> TASK TO CARRY OUT:
With pictures left out, output word for word the lines from the one containing "Несмотря на неопределенность" through the end of the material below.

> SUPPLIED INFORMATION:
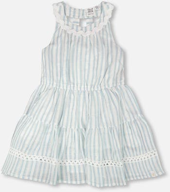 This multi-tiered dress with white and blue stripes is full of charming details. The sleeveless dress with a ruffled neckline continues to the back, where four charming vertical straps create a playful open design. The skirt flows in tiers and is enhanced with a delicate white lace-like row near the hem, adding texture and an elegant finish.
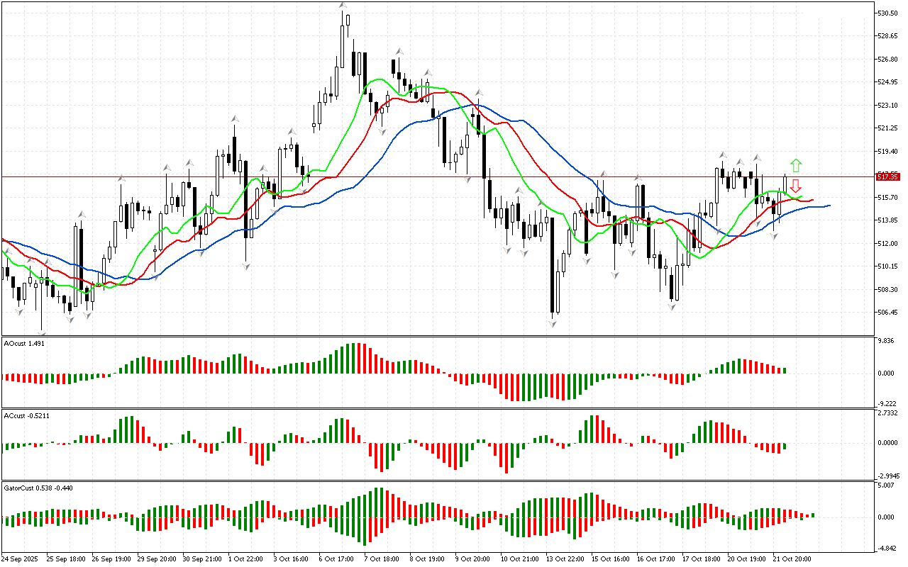 Несмотря на неопределенность фазового пространства и невозможность принятия дальнейших торговых решений на данный момент, пасть Аллигатора остается открытой, что указывает на сохраняющийся потенциал рыночных движений.
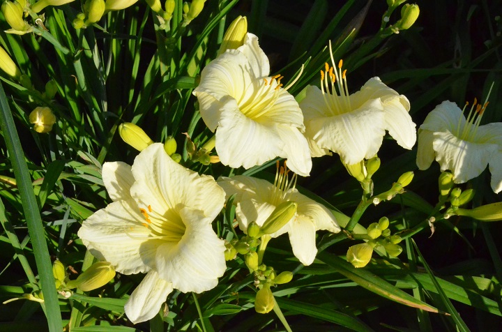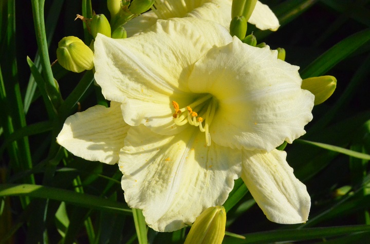 hodowca: Durio, 1977 wysokość: 60-70cm kwiat: o średnicy 15cm w kolorze kremowym z lekkim limonkowym odcieniem i zielonkawą gardzielą. termin kwitnienia: czerwiec-lipiec, może powtarzać kwitnienie
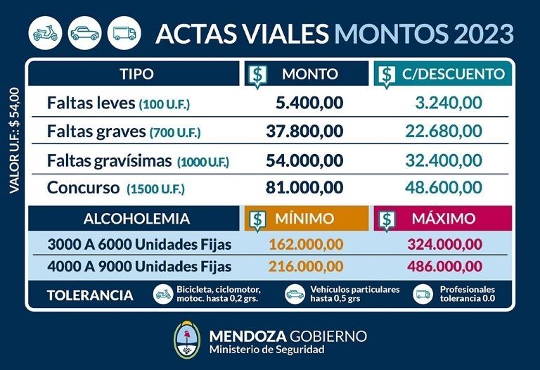 A partir del 1 de enero de 2023, en Mendoza rigen los nuevos montos de las multas viales para aquellos conductores infractores. La Unidad Fija (U.F.) pasó de 30 a 54 pesos.

> OUTPUT FOR THIS TASK:
 Несмотря на неопределенность фазового пространства и невозможность принятия дальнейших торговых решений на данный момент, пасть Аллигатора остается открытой, что указывает на сохраняющийся потенциал рыночных движений.
 hodowca: Durio, 1977 wysokość: 60-70cm kwiat: o średnicy 15cm w kolorze kremowym z lekkim limonkowym odcieniem i zielonkawą gardzielą. termin kwitnienia: czerwiec-lipiec, może powtarzać kwitnienie
 A partir del 1 de enero de 2023, en Mendoza rigen los nuevos montos de las multas viales para aquellos conductores infractores. La Unidad Fija (U.F.) pasó de 30 a 54 pesos.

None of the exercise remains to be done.